What were your parents like with money and what effect do you think it’s had on your financial habits?
My parents were pretty thoughtful with money, and I think that rubbed off on me a bit.
What was your first job and how much did it pay?
As a kid I gardened for my parents for $1 an hour! In my teenage years I got $10 an hour gardening for people in the neighbourhood. The “proper” jobs I had in my late teens and early twenties, like printer’s assistant or store security guard, all paid less than that.
What was your best financial decision or purchase?
Not buying a house in Wellington in 2007. House prices fell hard in 2008 and hadn’t recovered by the time we moved to Auckland in 2011. Also, instead of borrowing at the 10% mortgage rate of the day we paid rent equivalent to 3% of the house’s value. That saved us a lot of money to put towards a bigger deposit later, and also allowed us to raise our young kids in a better house than we could have afforded to buy at the time.
What was your worst financial decision or purchase?
Buying shares in an Australian biofuel company. The environmentalist in me loved the idea, but the Australian Government changed the rules shortly after I bought and the shares became virtually worthless.
Has there been a time in your life when you didn’t know how you were going to pay the bills?
Only in a self-inflicted sort of way. When I was twenty I decided to take a year off university to travel to South America. For a year beforehand I lived on less than the student allowance, including rent, and saved the difference. That was very tight but I did pay the bills. Once I was in South America, the budget for the whole ten months was just $6000. Trouble was, the New Zealand dollar plunged in value and I had no way of knowing that, so I unexpectedly ran out of money and ran into some pretty hairy moments! But although I had to live extremely frugally for a while, that is not the same as experiencing poverty.
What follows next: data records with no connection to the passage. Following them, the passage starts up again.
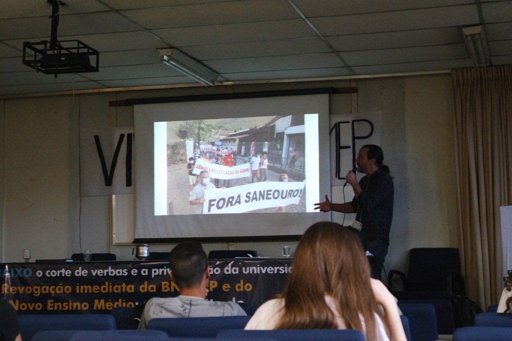 Encerrada a mesa de abertura, deu-se início a primeira mesa com tema “A luta contra a privatização da universidade pública e da água de Ouro Preto”, que contou com a participação da professora Lívia Damasceno, do professor Marcos Calazans e do companheiro Antônio. A participação da profª. Lívia se deu por um vídeo, impossibilitada de comparecer presencialmente como estava. A professora expôs de forma sucinta mas clara sobre as políticas de privatização da universidade pública como políticas contínuas em diversos governos, de FHC, passando por Lula e Dilma, Temer e atualmente no governo militar. Todas políticas ditadas por órgãos do imperialismo, principalmente ianque, como Banco Mundial e FMI. Após, o companheiro Antônio expôs um histórico das universidades no Brasil, a começar pelo surgimento das primeiras universidades na América Latina, passando o período colonial, pelas lutas do povo brasileiro em sua história, chegando ao século XX, Vargas e os governos posteriores, o regime militar e as lutas estudantis, até chegar nas atuais políticas e apontou o caminho da luta estudantil como o de luta combativa citando as recentes greves de ocupação vanguardeadas pela ExNEPe. Após, veio o professor Marcos Calazans, que trouxe em sua fala um histórico do processo de privatização da água de Ouro Preto e um histórico da luta do povo ouro-pretano organizados pelo CSDP, desde as primeiras atividades do CSDP, as primeiras manifestações, a estratégia de barrar a hidrometração que segurou a cobrança de tarifas pela Saneouro por um ano; iniciadas as cobranças, trouxe fotos e vídeos das grandiosas manifestações que explodiram como rebelião do povo, ocupando no dia 19/10 a prefeitura da cidade e os ataques covardes por parte da guarda civil; logo, as ameaças, calúnias e difamações por parte de vereadores, prefeito e empresa, numa tentativa de criminalizar e deslegitimar a luta e a atuação do professor. A fala do professor foi um dos pontos mais aguardados do evento. As fotos e vídeos, junto do relato trazido emocionou a todos e elevou o ânimo de luta, a confiança no poder da organização do povo. Durante os vídeos que mostravam a população impedindo a instalação de hidrômetros, das manifestações, os presentes aplaudiam e vibravam. Ao fim da fala do professor Marcos, todos exclamaram em alto e bom som: “Fora Saneouro, a água é do povo!” No debate sobre a mesa 1, onde estudantes fizeram denúncias da situação particular de suas universidades, e exaltando o caminho da luta combativa.
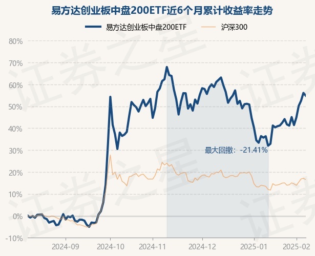 证券之星消息,2月11日,易方达创业板中盘200ETF最新单位净值为1.2038元,累计净值为1.2038元,较前一交易日下跌0.81%。历史数据显示该基金近1个月上涨17.32%,近3个月下跌7.8%,近6个月上涨54.85%,近1年上涨49.63%。该基金近6个月的累计收益率走势如下图:
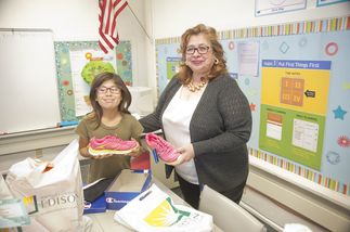 One of the recipients of a new pair of shoes was Serena Rasmussen, a fifth grader at Emerson who loves science and wants to be a veterinarian when she grows up. She received a new pair of hot pink tennis shoes that she is going to wear to school and when she has to go running.
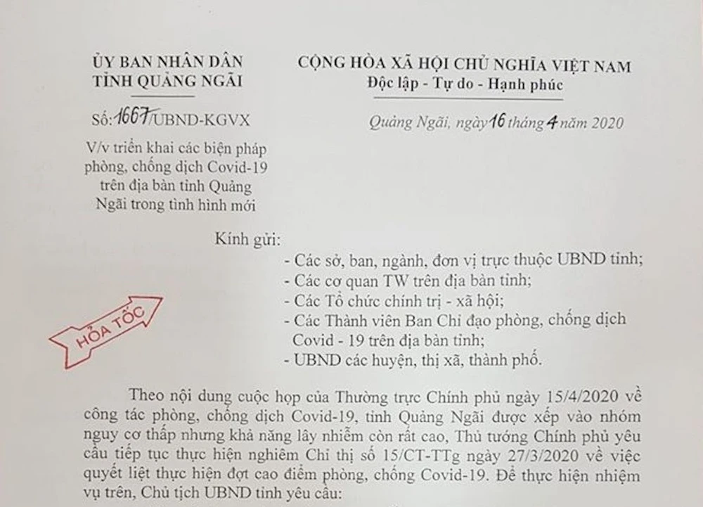 Ngày 16-4, UBND tỉnh Quảng Ngãi có văn bản về việc triển khai các biện pháp phòng, chống dịch COVID-19 trên địa bàn.
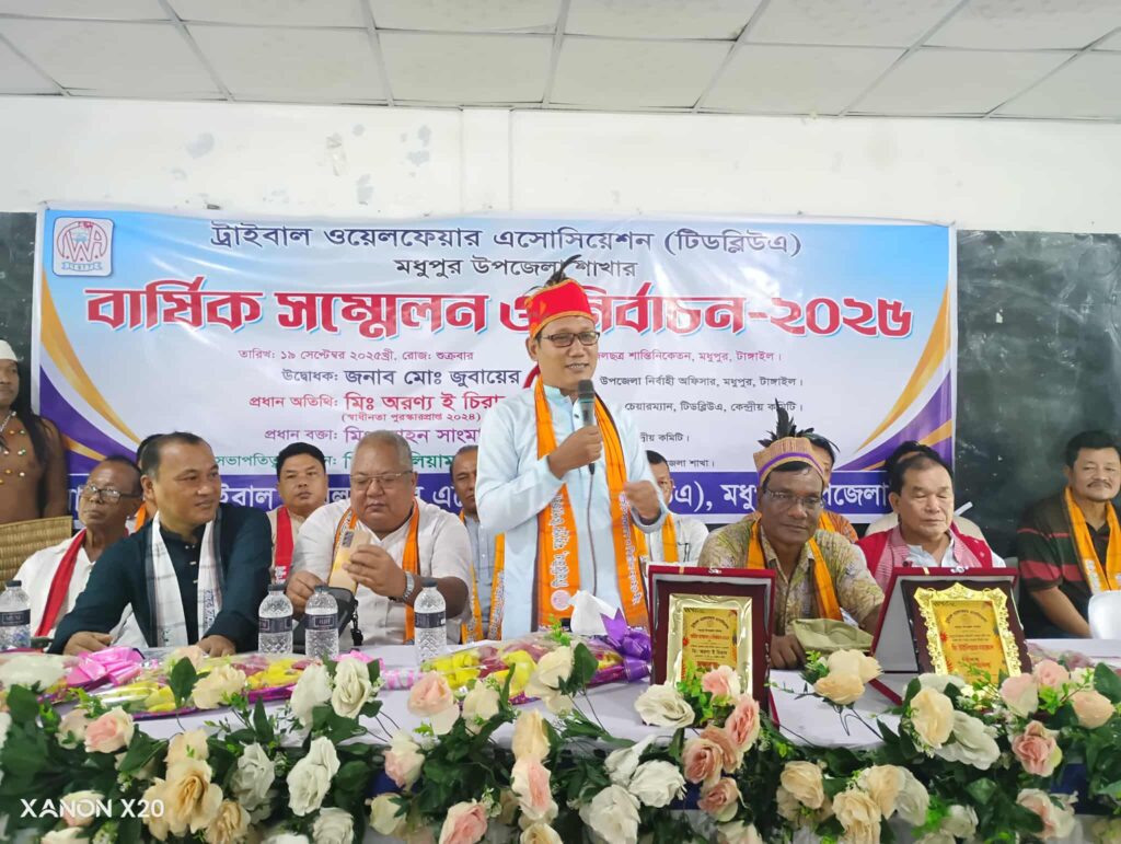 টাঙ্গাইলের মধুপুর উপজেলায় ট্রাইবাল ওয়েলফেয়ার এসোসিয়েশনের (টিডব্লিউএ) মধুপুর উপজেলা শাখার বার্ষিক সম্মেলন ও নির্বাচন–২০২৫ উৎসবমুখর পরিবেশে সম্পন্ন হয়েছে। শুক্রবার (১৯ সেপ্টেম্বর) দুপুরে উপজেলার অরণখোলা ইউনিয়নের জলছত্র শান্তি নিকেতনে আয়োজিত এ অনুষ্ঠানে উপজেলার বিভিন্ন অঞ্চল থেকে আগত নেতা-কর্মী ও প্রতিনিধি অংশগ্রহণ করেন।
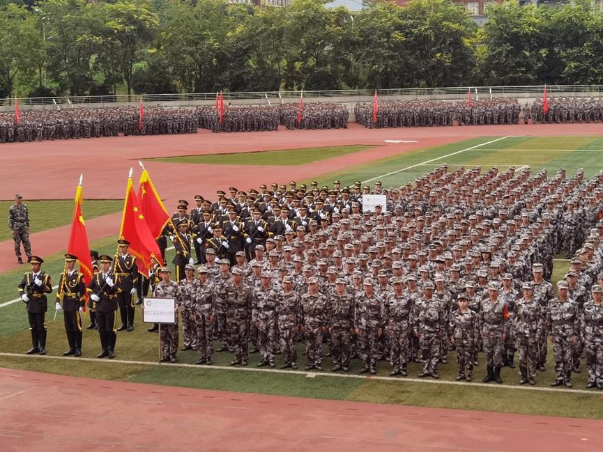 606名本科新生经过14天快节奏、高强度的军事技能训练后,以威武的军姿、崭新的风貌、昂扬进取的精神意志汇报军训成果,展示了信自学子的自信风采。
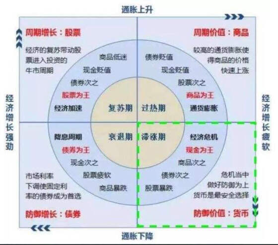 仟江水商业电讯(8月5日 北京 聪明理财)今日国信证券发布报告呼吁投资者继续做多风险资产。该机构称:当前中国经济正处于美林时钟第二象限,处在“货币+信用”风火轮第一象限。在这两个象限内,风险类资产尤其是股票资产是最值得投资人期待的。该机构认为,当前中国经济续恢复,新冠疫苗研发进展顺利,投资者对股票风险有乐观情绪。未来,股票投资应主打“内循环”主题下的结构性行情。

I was among some of the poorest people in the world, but unlike them I had choices and opportunities ahead of me.
What does financial freedom look like to you?
Financial freedom is sleeping well at night because you are not worried about money. It can be achieved by spending less than you earn. My grandmother was financially free because she spent less each week than her national superannuation. Some people on six-figure salaries are not financially free because they have taken on large spending commitments.
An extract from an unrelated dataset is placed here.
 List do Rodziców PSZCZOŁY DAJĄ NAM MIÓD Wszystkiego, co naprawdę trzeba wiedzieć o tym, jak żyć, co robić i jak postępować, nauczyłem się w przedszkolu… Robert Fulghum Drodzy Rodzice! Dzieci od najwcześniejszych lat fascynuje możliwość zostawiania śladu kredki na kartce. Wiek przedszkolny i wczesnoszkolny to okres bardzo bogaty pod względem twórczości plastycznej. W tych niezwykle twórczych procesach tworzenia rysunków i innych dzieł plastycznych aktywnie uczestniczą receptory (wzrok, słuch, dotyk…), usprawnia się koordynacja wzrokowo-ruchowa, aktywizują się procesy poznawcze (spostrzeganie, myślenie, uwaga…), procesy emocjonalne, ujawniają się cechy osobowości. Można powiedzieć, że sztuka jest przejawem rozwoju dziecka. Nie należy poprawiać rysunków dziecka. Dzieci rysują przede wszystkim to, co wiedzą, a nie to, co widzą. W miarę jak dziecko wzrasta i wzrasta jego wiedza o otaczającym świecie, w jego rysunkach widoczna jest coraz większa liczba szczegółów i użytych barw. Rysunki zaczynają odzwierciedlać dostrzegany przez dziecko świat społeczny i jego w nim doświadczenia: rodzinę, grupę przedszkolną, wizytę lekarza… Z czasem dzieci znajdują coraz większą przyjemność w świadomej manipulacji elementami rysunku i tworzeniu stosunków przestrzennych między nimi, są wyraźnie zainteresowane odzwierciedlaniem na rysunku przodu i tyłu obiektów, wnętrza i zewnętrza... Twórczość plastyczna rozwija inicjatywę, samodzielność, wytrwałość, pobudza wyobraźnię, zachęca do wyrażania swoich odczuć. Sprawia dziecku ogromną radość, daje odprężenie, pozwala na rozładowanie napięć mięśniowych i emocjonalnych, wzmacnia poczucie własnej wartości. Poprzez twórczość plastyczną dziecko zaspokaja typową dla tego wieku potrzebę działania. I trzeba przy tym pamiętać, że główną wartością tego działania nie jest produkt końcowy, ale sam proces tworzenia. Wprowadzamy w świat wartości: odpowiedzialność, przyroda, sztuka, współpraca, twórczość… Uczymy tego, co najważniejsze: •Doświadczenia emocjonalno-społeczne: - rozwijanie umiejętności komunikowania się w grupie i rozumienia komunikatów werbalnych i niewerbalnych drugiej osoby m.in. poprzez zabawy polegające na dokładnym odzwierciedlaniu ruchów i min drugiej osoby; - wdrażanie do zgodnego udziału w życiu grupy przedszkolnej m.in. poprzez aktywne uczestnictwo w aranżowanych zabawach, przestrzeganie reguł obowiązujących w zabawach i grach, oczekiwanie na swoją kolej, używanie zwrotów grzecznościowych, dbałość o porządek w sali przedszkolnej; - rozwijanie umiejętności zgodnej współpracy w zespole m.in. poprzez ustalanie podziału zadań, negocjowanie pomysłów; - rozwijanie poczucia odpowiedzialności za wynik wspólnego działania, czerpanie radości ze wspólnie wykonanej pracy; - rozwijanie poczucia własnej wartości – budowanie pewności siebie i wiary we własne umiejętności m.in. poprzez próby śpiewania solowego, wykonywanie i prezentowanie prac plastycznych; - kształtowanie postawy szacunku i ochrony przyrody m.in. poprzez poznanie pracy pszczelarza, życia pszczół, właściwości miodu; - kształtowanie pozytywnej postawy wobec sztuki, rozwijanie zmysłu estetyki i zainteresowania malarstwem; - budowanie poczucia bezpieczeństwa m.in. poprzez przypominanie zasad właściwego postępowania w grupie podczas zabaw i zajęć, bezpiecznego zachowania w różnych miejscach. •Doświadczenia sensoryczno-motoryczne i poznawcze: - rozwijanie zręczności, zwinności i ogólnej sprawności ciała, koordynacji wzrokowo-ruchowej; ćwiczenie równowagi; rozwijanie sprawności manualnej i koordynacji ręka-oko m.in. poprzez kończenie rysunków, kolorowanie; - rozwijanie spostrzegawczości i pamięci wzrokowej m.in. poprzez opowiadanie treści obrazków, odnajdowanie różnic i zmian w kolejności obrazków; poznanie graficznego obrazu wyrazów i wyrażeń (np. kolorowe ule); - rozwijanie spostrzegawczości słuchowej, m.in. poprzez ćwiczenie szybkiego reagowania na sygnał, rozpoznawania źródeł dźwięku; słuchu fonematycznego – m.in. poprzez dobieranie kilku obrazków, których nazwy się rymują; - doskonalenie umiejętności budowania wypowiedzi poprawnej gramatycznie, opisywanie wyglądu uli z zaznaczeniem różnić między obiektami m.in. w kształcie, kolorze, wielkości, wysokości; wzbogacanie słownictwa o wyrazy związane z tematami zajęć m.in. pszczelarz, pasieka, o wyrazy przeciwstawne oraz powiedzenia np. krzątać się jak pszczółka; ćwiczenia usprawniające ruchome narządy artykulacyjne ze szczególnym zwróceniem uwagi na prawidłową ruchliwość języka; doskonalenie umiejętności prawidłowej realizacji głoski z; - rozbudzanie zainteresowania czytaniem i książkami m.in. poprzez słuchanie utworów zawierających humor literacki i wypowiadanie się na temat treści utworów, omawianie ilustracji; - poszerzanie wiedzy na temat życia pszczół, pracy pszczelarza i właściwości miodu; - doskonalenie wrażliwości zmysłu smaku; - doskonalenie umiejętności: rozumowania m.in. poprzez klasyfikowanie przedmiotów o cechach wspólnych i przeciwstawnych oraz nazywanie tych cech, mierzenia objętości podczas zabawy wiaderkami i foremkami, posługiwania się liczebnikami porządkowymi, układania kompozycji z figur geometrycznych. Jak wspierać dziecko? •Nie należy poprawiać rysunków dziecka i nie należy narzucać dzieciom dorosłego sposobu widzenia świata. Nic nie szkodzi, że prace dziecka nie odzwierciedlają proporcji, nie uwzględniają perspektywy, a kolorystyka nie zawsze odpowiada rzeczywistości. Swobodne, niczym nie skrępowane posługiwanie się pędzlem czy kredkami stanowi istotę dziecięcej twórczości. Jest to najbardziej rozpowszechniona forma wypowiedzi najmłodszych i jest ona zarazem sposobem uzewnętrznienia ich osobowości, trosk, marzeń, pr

What’s been the most difficult lesson you have learned about money?
Those biofuel shares! It taught me the importance of researching the facts before making any investment.
What plans do you have for saving for retirement?
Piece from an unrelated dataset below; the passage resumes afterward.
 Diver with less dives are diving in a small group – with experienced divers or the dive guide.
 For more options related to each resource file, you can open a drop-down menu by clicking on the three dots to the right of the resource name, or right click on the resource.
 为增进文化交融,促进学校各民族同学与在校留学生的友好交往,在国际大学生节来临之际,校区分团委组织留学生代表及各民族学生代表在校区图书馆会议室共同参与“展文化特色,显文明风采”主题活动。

I plan to make sure my savings are well diversified and that a large portion of them are in overseas assets. Over a lifetime one of the risks we face is the little old New Zealand economy faltering and/or the New Zealand dollar falling in value, which could reduce the purchasing power of our savings. Denominating your savings in a variety of currencies reduces this risk.
What financial advice would you give to your younger self?
Salary is not the most important consideration in your early career. Far more valuable is the experience your early jobs give you.
You come into a surprise $100,000 windfall tomorrow. What do you do with it?
If I had debt I would put the $100K toward paying it off. If I didn’t have debt, I would add it to my savings. Boring, I know!